Als chancenmindernd für dieses Ziel könnte sich erweisen, dass bei Entscheidungen dieser Art noch andere mitreden. Andreas Wenzel von der Kommunalaufsicht im Ebersberger Landratsamt teilte im Gremium mit, dass "der Vollzug der Straßenverkehrsordnung dem Freistaat obliegt". Demnach sei unerlässlich, das Staatliche Bauamt in Rosenheim und die Polizei vom Inhalt der Moosacher Petition zu überzeugen. Ein Polizist - genauer, ein ehemaliger solcher - tat kurzum in der Sitzung seine eingeschränkte Begeisterung kund: Temposchilder mit Aufschriften wie etwa 30, 40 oder 50 "suggerieren Pseudosicherheit", sagte Roland Frick, der einst von der Kripo ins Rathaus der Gemeinde Pliening wechselte, wo man ihn seither samt CSU-Parteibuch am Bürgermeisterschreibtisch findet.

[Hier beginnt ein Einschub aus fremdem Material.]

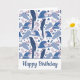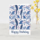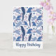 Ara Parrot Blue Tropical Leave Muster Geburtstagskarte. Ara Muster mit tropischen Blättern und Blumen in Blau und Rosa. Fügen Sie Ihre Nachricht hinzu oder löschen Sie sie.
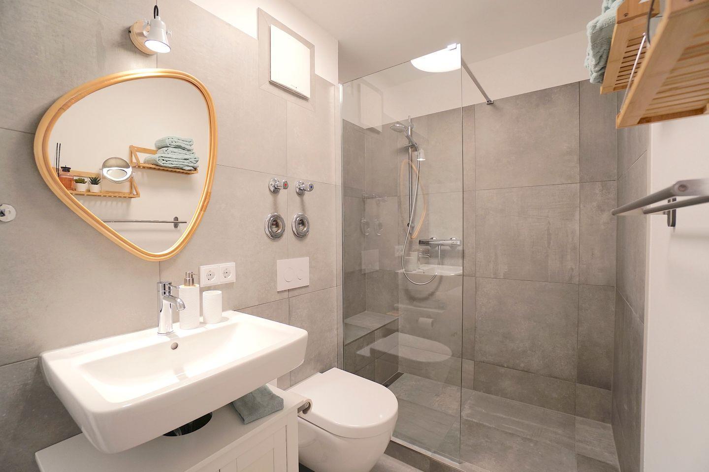 Das Schlafzimmer lädt mit seinem behaglichen Ambiente zum Träumen ein, während das großzügige Duschbad mit Waschmaschine und Trockner den Komfort bietet, den man im Urlaub benötigt.
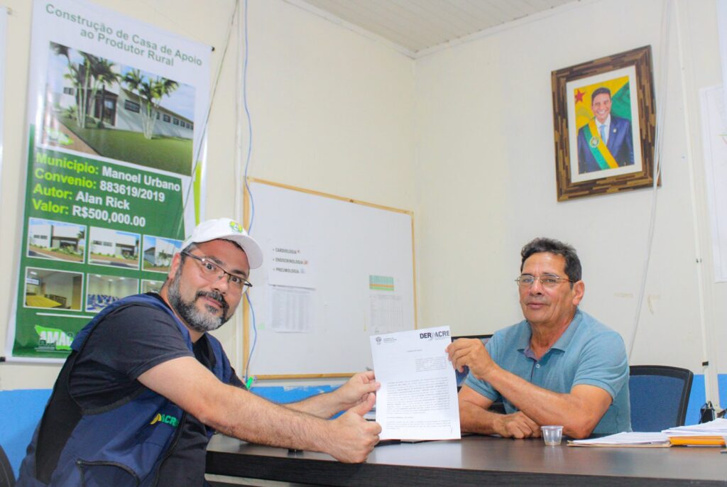 Nesta quarta-feira, 1º, o governo do Estado, por meio do Departamento de Estradas de Rodagem do Acre (Deracre), representado pelo presidente Petronio Antunes, e na presença do prefeito de Manoel Urbano, Raimundo Velozo, assinou convênio de R$ 658,8 mil para a execução dos serviços de melhoramento e manutenção de ramais.

Wie lange sich die Ebersberger Kreisverwaltung für die Moosacher Kurvendiskussion Zeit lassen darf oder soll, wurde zwar nicht festgelegt. Der Mann von der Kommunalaufsicht gab jedoch einen Wegweiser für eine mögliche politische Abzweigung der Petitions-Initiatorinnen Jeanette Dreßel und Andrea Hinterwaldner. Bei deren im August eingereichten 797 Unterschriften handle es sich um umgerechnet 17 Prozent der Moosacher Stimmberechtigten. Mit 25 Prozent der Stimmen, also knapp 1200, wäre ein Bürgerentscheid auf Gemeindeebene möglich, so Wenzel.

Erschwerend kommt hier hinzu, dass die Petition bereits geschlossen ist, sie war nur bis Mitte August geöffnet. Eine Nachfrage bei Dreßel und Hinterwaldner am Dienstag lässt auf Zufriedenheit mit dem Sitzungsergebnis schließen: Beide sprechen von einem "Teilerfolg". In ihrer Wahrnehmung habe "das Gremium grundsätzlich verstanden, worum es uns geht". Dies ist in der Politik sicherlich keine Selbstverständlichkeit.

Zu den Begleiterscheinungen dieser Petition gehört eine zweite Forderung, die im Gremium allerdings trotz eines Vorstoßes von Grünen-Kreisrat und Bayernchef Thomas von Sarnowski durchfiel. Die Antragsteller hatten in einem zweiten Punkt der Petition für Tempolimit 30 auf der Staatsstraße 2351 von Moosach nach Glonn plädiert. Sarnowskis Teilantrag hierzu fand keine Mehrheit. Womöglich hätte die Petition noch mehr Unterschriften eingebracht, hätten die Initiatoren sie zweigeteilt. Dem Vernehmen nach stinkt zwar nicht wenigen Moosachern die Situation in den Kurven am Feld. Richtung Glonn aber möchte man gerne weiterhin mit den erlaubten 60 Kilometern pro Stunde unterwegs sein.

Gäbe es Optionen mit Temposchildern? Oder zumindest Warntafeln? Das staatliche Bauamt Rosenheim hat sich bis dato nicht öffentlich zum Gebirgsweg auf der EBE12 geäußert. Und so pendeln die Rosenheimer weiter wie bisher durchs Moosacher Straßerl am Fels.